1. A vessel for continuous processing of molten metals under vacuum according to a
circulation process, in particular for degassing of steel melts, said vessel comprising
in its bottom portion a supply pipe submerged in the molten metal, and a gas pipe
discharging into said supply pipe, as well as a discharge pipe for the processed molten
metal provided in spaced relationship to the supply pipe and submerged in the molten
metal, wherein the lower portion of the vessel differing in its shape from the rotationally
symmetrical upper portion extends in a bellmouthed design towards the vessel bottom
portion,
characterized in that
diameter (D) of the vessel bottom intersecting the axes of supply pipe (7) and discharge
pipe (8) is larger than diameter (d) of vessel bottom (6) vertically extending between
supply pipe (7) and discharge pipe (8), said diameter (d) being substantially identical
with the corresponding diameter of upper vessel portion (1).
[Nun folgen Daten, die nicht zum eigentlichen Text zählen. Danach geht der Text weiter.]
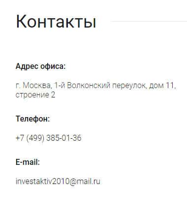Далее представлена контактная информация мошенников ИнвестАктив, которую они опубликовали на своем официальном сайте и не следует брать трубку если звонит этот номер:
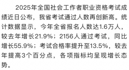 8月份开始,各省市陆续公布了2025年社会工作者考试合格人员数据,从考试合格数据来看,2025年社工考试整体通过率较2024年有所提升!
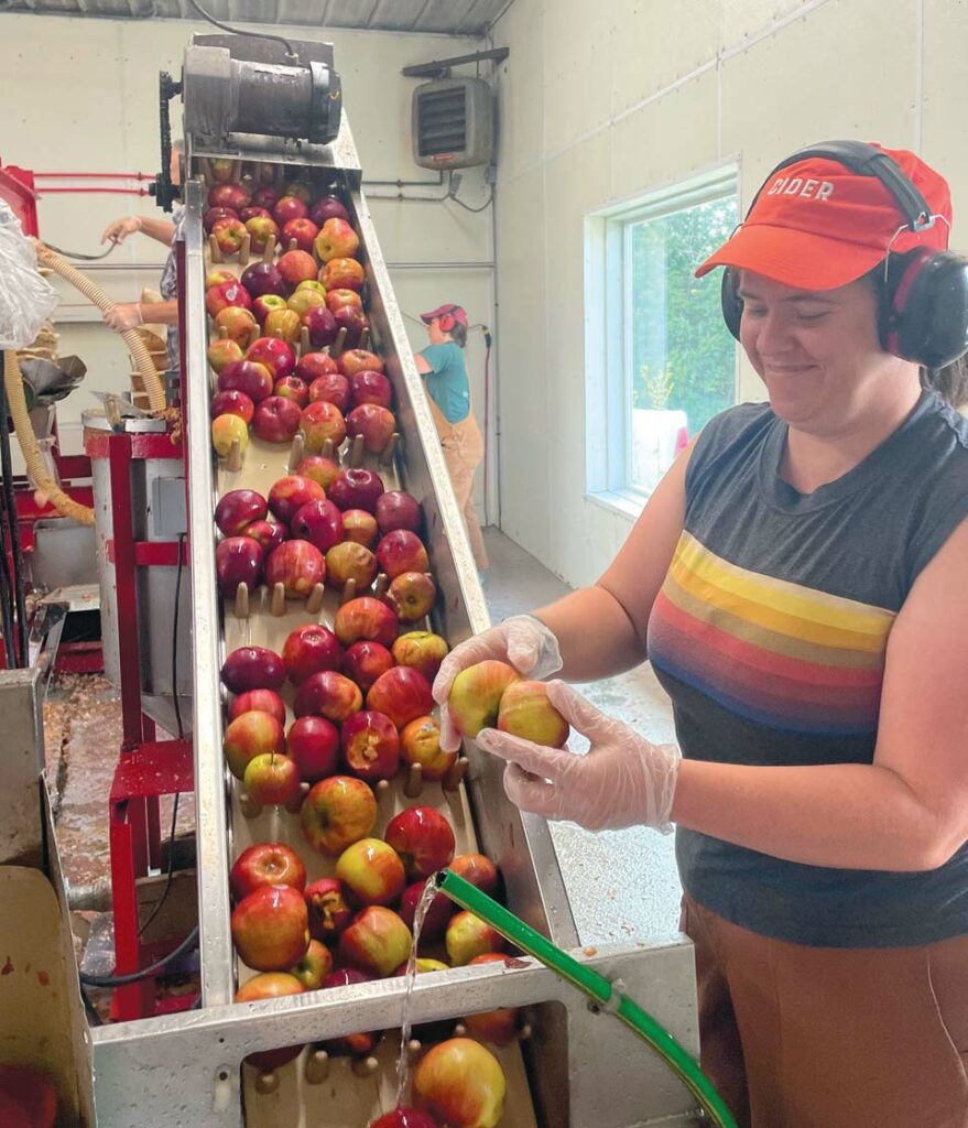 Caitlin Bunning sorts washed apples before they go to the grinder. Photo by Matt Brogan

2. A vessel as defined in claim 1,
characterized in that
vessel bottom (6) has a substantially elliptical shape.
1. - Récipient pour le traitement en continu de matériaux fusés sous dépression selon
le procédé par circulation, en particulier pour le dégazage d'acier fondu, dont le
fond comporte une tubulure d'entrée plongeant dans le métal fusé avec une tubulure
de gaz débouchant dedans, ainsi qu'une tubulure de sortie qui est disposée separée
spatialement et plongeant dans le métal fusé pour le métal fusé traité, la partie
inférieure du récipient différant par la forme de la partie supérieure symétrique
de revolution en s'élargissant vers le fond du récipient en forme de cloche, caractérisé
par le fait que le diamètre (D) croisant les axes des tubulures d'entrée (7) et de
sortie (8) est plus grand que le diamètre (d) du fond (6) du récipient qui lui est
orthogonal, s'étendant entre les tubulures d'entrée (7) ct de sortie (8), qui est
sensiblement égal au diamètre correspondant de la partie supérieure (1) du récipient.
2. - Récipient selon la revendication 1, caractérisé par le fait que le fond (6) du
récipient a uneforme sensiblement elliptique.